Students Bring Ideas to Life for Lyle School’s first Innovation Competition

Innovations-01.jpg Three student teams turned their ideas into reality during the SMU Lyle School of Engineering‘s first Innovation Competition, a campus-wide event that brought together faculty, facilities and students from all fields of study to tackle big issues.

After weeks of work in the Caruth Institute for Engineering Education‘s Innovation Gymnasium, the teams presented their prototypes to a panel of industry and academic judges Friday, June 25. The winners were:

Surround Sound Mixing Device (first place): An invention that allows sound mixers to control audio tracks by moving their hands over a flat screen or spherical device (junior Raven Sanders, electrical and audio engineering; senior Austin Click, computer science; junior Travis Maloney, computer science; senior Jason Stegal, mechanical engineering)

GreenGym (runner-up): gym equipment that captures the kinetic energy created by human motion and converts it into electricity (graduate student Bo Bao, business administration; junior Jared Miller, mechanical engineering)

• Air Conditioning Reinnovated (runner-up): a mechanical and electronic system to intelligently redirect airflow where it is most needed in residences (senior Nick Vrana, international studies; senior Jose Campos, international studies; junior Marc Nieto, political science; sophomore Keith Adler, computer science)

See a slideshow from the competition. slide show


“Our inaugural Innovation Competition was a great success,” says Nathan Huntoon, director of the competition and the Innovation Gymnasium, home to the Lockheed Martin Skunk Works Lab. “Students from across campus, with their unique experiences and perspectives, came up with ideas that can change the world.
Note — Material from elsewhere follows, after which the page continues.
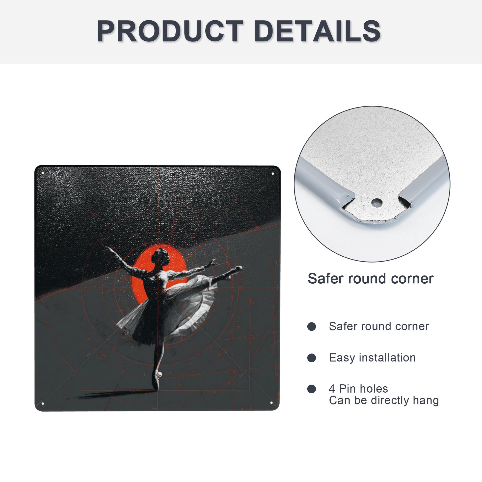 Grace Ignited – Ballerina Modern Tin Wall Art | Abstract Industrial Metal Poster | 12"x12" | Waterproof | Pre-Drilled & Easy to Hang

They worked many long hours together in our lab – with many ups and downs – to bring those ideas to life.”

Junior Raven Sanders, who led the winning project, said her team worked hard to overcome real-world obstacles, including finding equipment and writing computer codes for their futuristic sound machine. “When I heard we won, I was ecstatic,” says the electrical and audio engineering major. “We enjoyed the opportunity to design something and actually see the working result.”

The annual competition was generously funded by supporters including Carr LLP, Lockheed Martin, Art Harvey ’01 and Tomima Edmark of Andra Group LP. The teams were provided seed money to develop their prototypes and awarded cash prizes.

The judges included Greg Wilkinson of Hill & Wilkinson General Contractors, businessman Tom McCabe, Don Schapker of Lockheed Martin, in addition to Edmark, as well as Lyle School faculty members Volkan Otugen and Ira Greenberg. The judges urged all three teams to continue developing their projects and explore their business potential.

“We couldn’t be more pleased with all of your results,” said Gregory Carr of Carr LLP. “You did a tremendous job on your presentations in conveying your ideas to the judges. The ability to communicate as an engineer is critical.”

Minnie Arnold Caruth added, “All of you have taken what SMU’s founding fathers wanted this University to be and carried it forward. You’re going to change our world.”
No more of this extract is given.